‘Mountain Mamas’ take on breast cancer
Mary Zapponi has lost three aunts and her godmother to breast cancer.
Nikki Riley never had the chance to meet her grandmother, who lost her life to this fatal disease before Riley was born.
Laura Mello’s mother was barely 38 years old when she first discovered the malignant tumor lodged in her chest. Luckily, she is one of the survivors, though.
In memory of those that they’ve lost, as well as those who’ve survived – and in the face of their own risks for contracting the disease – these three Truckee residents will hit the streets in a mid-October with 7,000 others for the annual Avon Breast Cancer Walk.
Money raised from this three-day, 60-mile walk along the Pacific Coast Highway from Santa Barbara to Malibu, goes toward breast cancer research, as well as preventative health care services like mammograms for women who cannot afford them.
Avon, which held its first breast cancer walk in 1994, now hosts 13 different walks around the country each year.

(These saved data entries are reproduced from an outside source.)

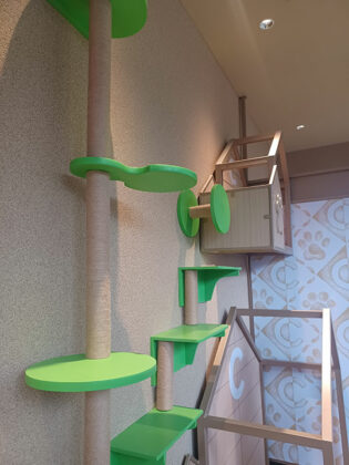 There is also a playpen that can also serve as a photowall for cats. It contains a mini house, tiered ledges, and scratch poles for them to explore and let off steam.
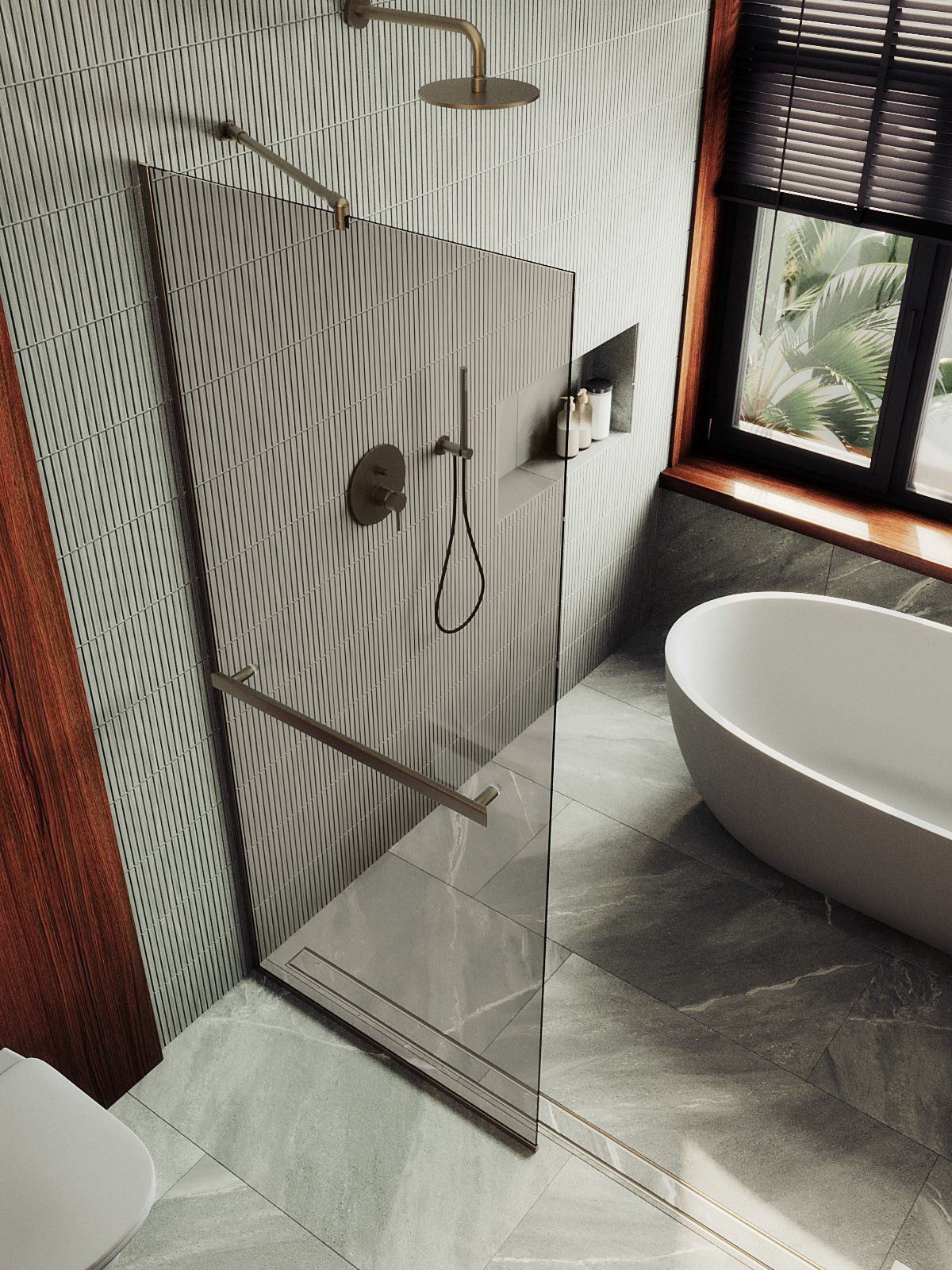 Душевая перегородка в профиле с полотенцесушителем представляет собой компактное и функциональное решение для разделения пространства в ванной комнате . Она изготовлена из закаленного стекла,анодированного алюминиевого профиля, что обеспечивает прочность и долговечность конструкции. Закаленное стекло , цвет бронза , толщина 8 мм , 1950*790-1 шт.
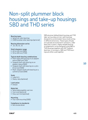Shaft diameter range bearings. In conveyors, SBD and THD hous-
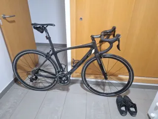 Bicicleta de carretera de carbono con un diseño deportivo y elegante. Talla M en perfecto estado - Cuadro de carbono ligero. - Ruedas de alto rendimiento. - Frenos de disco.
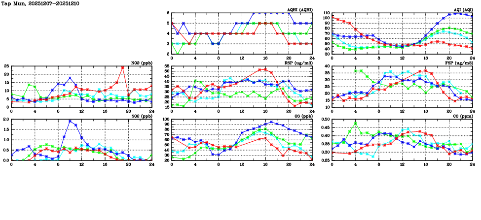 | Air Quality Data Time Series in Tap Mun (2025/12/10) | ( Line colors: Day -3 Day -2 Day -1 Current day ) | 2D Map Current AQHI |
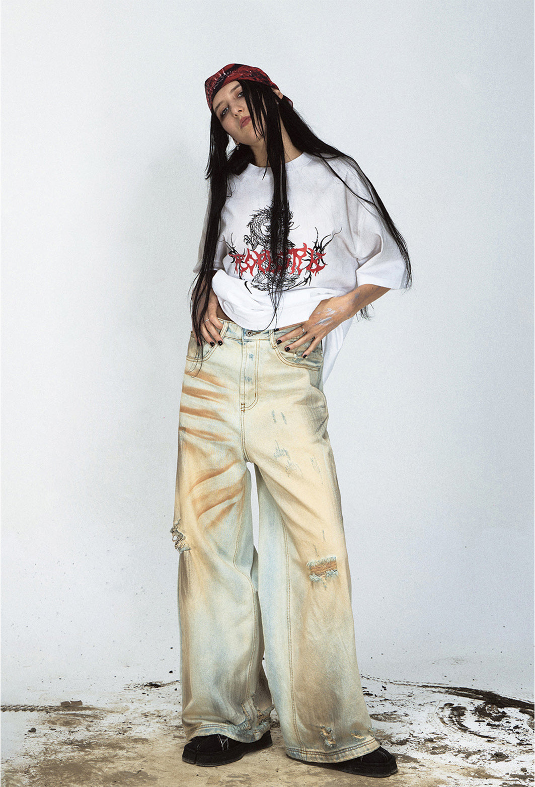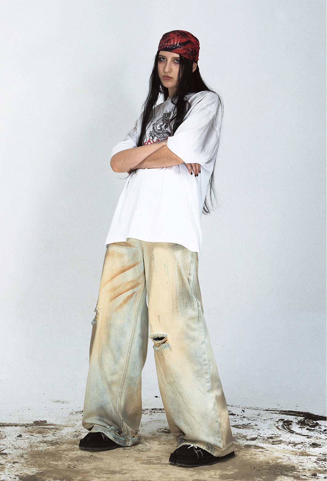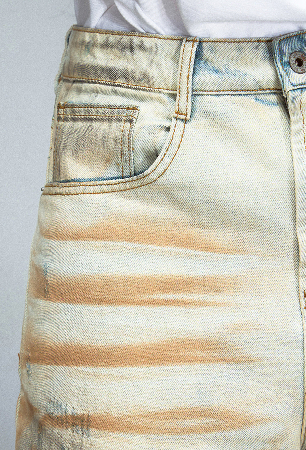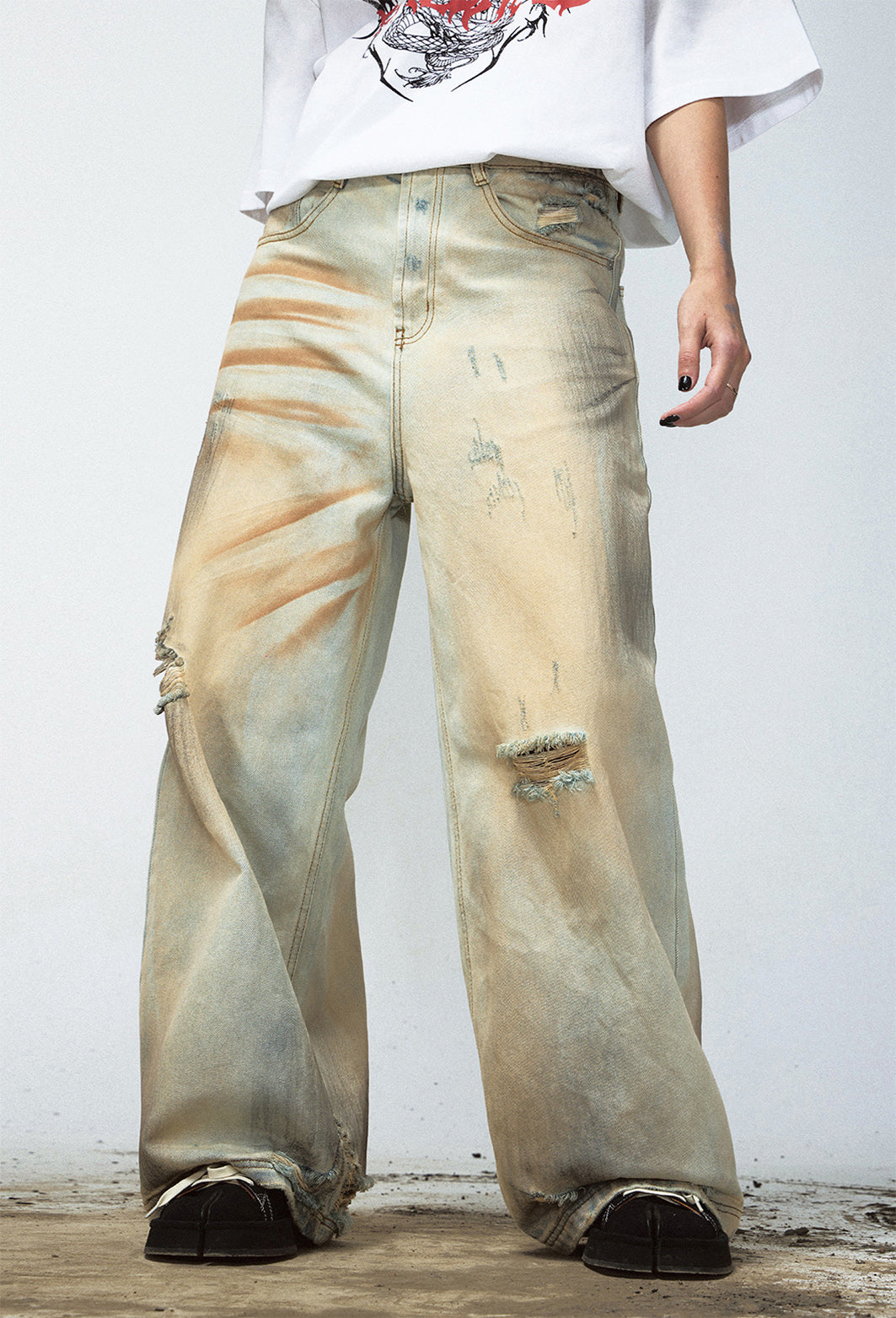 Mud-dyed washed straight jeans
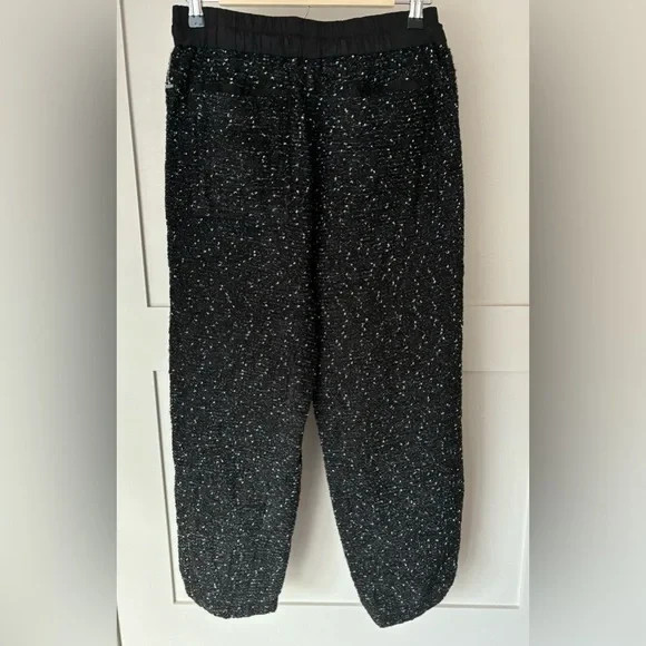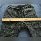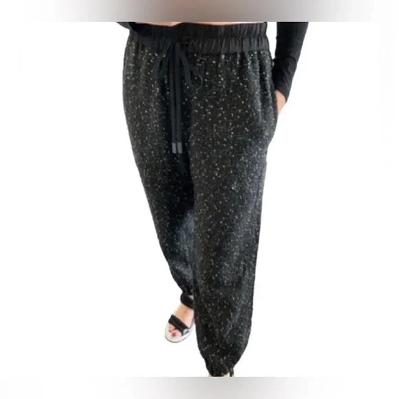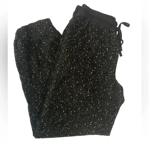 Super Cute joggers can be dressed up or Down Drawstring waist Textured with a bit of sparkle Mid rise Elastic hem at ankles Inseam approximately 26.5 inches 70% Polyester 15 % Cotton 14 % Acrylic 1% Elastane
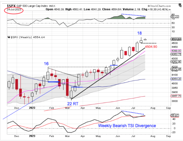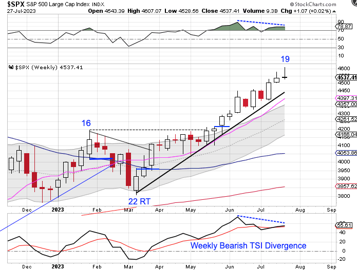 On Monday we looked at the big picture for stocks and the dollar. Tonight we will update those charts. Below was the weekly chart for stocks that was posted on the 24th.
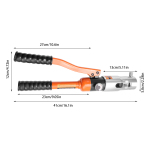 Міцний Циліндр з високоякісної сталі Cr40, головка кліщів з алюмінію та форми з 42Crmo з процесами окислення, загартування та чорніння є зносостійкими та стійкими до іржі, забезпечуючи чудову продуктивність для тривалого використання. Практичний і потужний Цей продукт має гідравлічну конструкцію з максимальним зусиллям обжиму 10T, що може допомогти вам завершити обжим із меншими зусиллями. Форми V12, V15, V18, V22, V28 можуть задовольнити різні потреби використання. Вишуканий дизайн Головка плоскогубців прикріплена невеликим гвинтом, і ви можете повертати її на 360° за потреби. Під час використання плоскогубці щільно захоплюють і стискають предмет, не падаючи. Легко транспортувати та зберігати Ящик для інструментів із вбудованою ручкою та його компактна та легка (11,02 фунта) конструкція дозволяють легко зберігати ці інструменти, не втрачаючи та не пошкоджуючи їх, і їх можна зручно переносити на будь-яке робоче місце. Відмінна ефективність ущільнення Ущільнювальне кільце та поршень проти витоку можуть добре ущільнити циліндр і зменшити витікання масла. Простота використання Ергономічний дизайн використовує принцип важеля та високу поворотну пружину для легкого використання. Зручна ручка Ергономічна ізольована рукоятка з хвилеподібним дизайном зручно лежить в руці, не ковзає і зменшує втому руки. Реле скидання тиску Реле тиску полегшує безпечне та надійне скидання тиску після опресовування. Стопорний штифт Його можна легко зняти, щоб змінити форму. Це також запобігає падінню завантажених форм. Технічні характеристики Колір: Помаранчевий Тип ручки: Ергономічний Модель: CW-1632 Хаб: 20 мм/0,79 дюйма Матеріальний: Алюміній, сталь Cr40, 42Crmo Процедура: Оксидована, загартована та почорніла обробка Максимальна сила обтиску: 10 т/100 кн Характеристики V-подібних форм: V12, V15, V18, V22, V28 Діаметр отвору: 12mm/0.47in Макс. ширина головки: 58 мм/2,28 дюйма Довжина головки плоскогубців: 13 см/5,12 дюйма Закритий отвір ручки: 12cm/4.72in Довжина ручки: 23 см/9,06 дюйма, 27 см/10,63 дюйма Загальна довжина: 41 см/16,14 дюйма Розмір пакета: 45*22*11 см/17,72*8,66*4,33 дюйма Вага брутто: 5,5 кг/12,13 фунтів Вага нетто: 5 кг/11,02 фунтів У комплекті 1* обтискні кліщі 1* форма метелика 5* V форми 1* Інструментарій 1* Посібник англійською мовою Технічні характеристики | Колір | Помаранчевий | Тип ручки | Ергономічний | | Модель | CW-1632 | Хаб | 20 мм/0,79 дюйма | | Матеріал | Алюміній, сталь Cr40, 42Crmo | Процедура | Оксидована, загартована та почорніла обробка | | Максимальна сила обтиску | 10 т/100 кн | Характеристики V-подібних форм | V12, V15, V18, V22, V28 | | діаметр отвору | 12mm/0.47in | Ширина плоскогубців макс | 58 мм/2,28 дюйма | | Довжина головки плоскогубців | 13 см/5,12 дюйма | Закритий отвір ручки | 12cm/4.72in | | Довжина ручки | 23 см/9,06 дюйма, 27 см/10,63 дюйма | Загальна довжина | 41 см/16,14 дюйма | | Розмір упаковки | 45*22*11 см/17,72*8,66*4,33 дюйма | Вага брутто | 5,5 кг/12,13 фунтів | | Вага нетто | 5 кг/11,02 фунтів | Примітки 1. Перед покупкою перевірте специфікацію продукту. 2. Будь ласка, уважно прочитайте посібник користувача англійською мовою та етикетку виробу перед використанням і зверніть особливу увагу на інструкції з безпеки, що містяться в них. 3. Категорично забороняється використовувати інструмент без форми. Будь ласка, використовуйте форму правильного розміру та не засовуйте пальці у форму під час використання. 4. Будь ласка, не розчавлюйте кабелі або дроти під напругою. 5. Будь ласка, дозвол

“This disease is everywhere, and Truckee is no exception,” said Mello, who will be walking with Riley and three others as part of a group called the “Mountain Mamas.”
“I think it’s rare that you talk to anyone these days who doesn’t have a sister, mother, partner, friend, coworker, or someone in their lives that has been affected by breast cancer.”
Mello said she’s walking, not only to honor her mother, but also with the hope that events like these will someday raise enough money to help wipe out the disease forever.
For Riley, the walk is also about raising awareness and encouraging others to get involved in finding a cure.
“It just strikes me how prevalent this disease has become,” she said. “It affects women of all ages, backgrounds and ethnicities. I also think it’s important for regular people to get involved in something like this, to serve as an inspiration to others.”
To train for the event, Zapponi and Riley said they’ve started walking to and from work.
“I get a lot of people who stop and ask me for ride, but I always tell them that I’m training,” Zapponi said. “Now, people that know wave to me when they see me walking.”
Zapponi will be walking with three of her cousins as part of the “Salyer Sisters” in remembrance of the loved ones they’ve lost.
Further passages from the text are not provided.